INPUT FOR THIS TASK »
════
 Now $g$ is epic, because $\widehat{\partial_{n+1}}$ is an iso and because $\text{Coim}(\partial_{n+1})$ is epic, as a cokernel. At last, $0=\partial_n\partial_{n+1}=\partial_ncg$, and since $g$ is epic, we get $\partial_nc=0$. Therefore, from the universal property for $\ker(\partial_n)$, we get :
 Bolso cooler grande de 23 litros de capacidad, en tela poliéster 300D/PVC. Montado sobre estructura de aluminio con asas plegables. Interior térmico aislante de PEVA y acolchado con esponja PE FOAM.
════
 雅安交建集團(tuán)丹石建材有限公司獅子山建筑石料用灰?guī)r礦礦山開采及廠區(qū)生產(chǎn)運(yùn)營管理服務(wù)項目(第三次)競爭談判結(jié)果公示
════
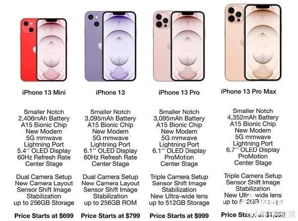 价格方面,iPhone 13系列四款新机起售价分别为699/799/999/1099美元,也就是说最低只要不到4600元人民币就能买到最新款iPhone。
════
PROBLEM DESCRIPTION » Both the line containing "Now $g$ is epic, because" and the line containing "Bolso cooler grande" belong in the answer. Print them and every line above that falls between them exactly, and no others.

TASK SOLUTION »
 Now $g$ is epic, because $\widehat{\partial_{n+1}}$ is an iso and because $\text{Coim}(\partial_{n+1})$ is epic, as a cokernel. At last, $0=\partial_n\partial_{n+1}=\partial_ncg$, and since $g$ is epic, we get $\partial_nc=0$. Therefore, from the universal property for $\ker(\partial_n)$, we get :
 Bolso cooler grande de 23 litros de capacidad, en tela poliéster 300D/PVC. Montado sobre estructura de aluminio con asas plegables. Interior térmico aislante de PEVA y acolchado con esponja PE FOAM.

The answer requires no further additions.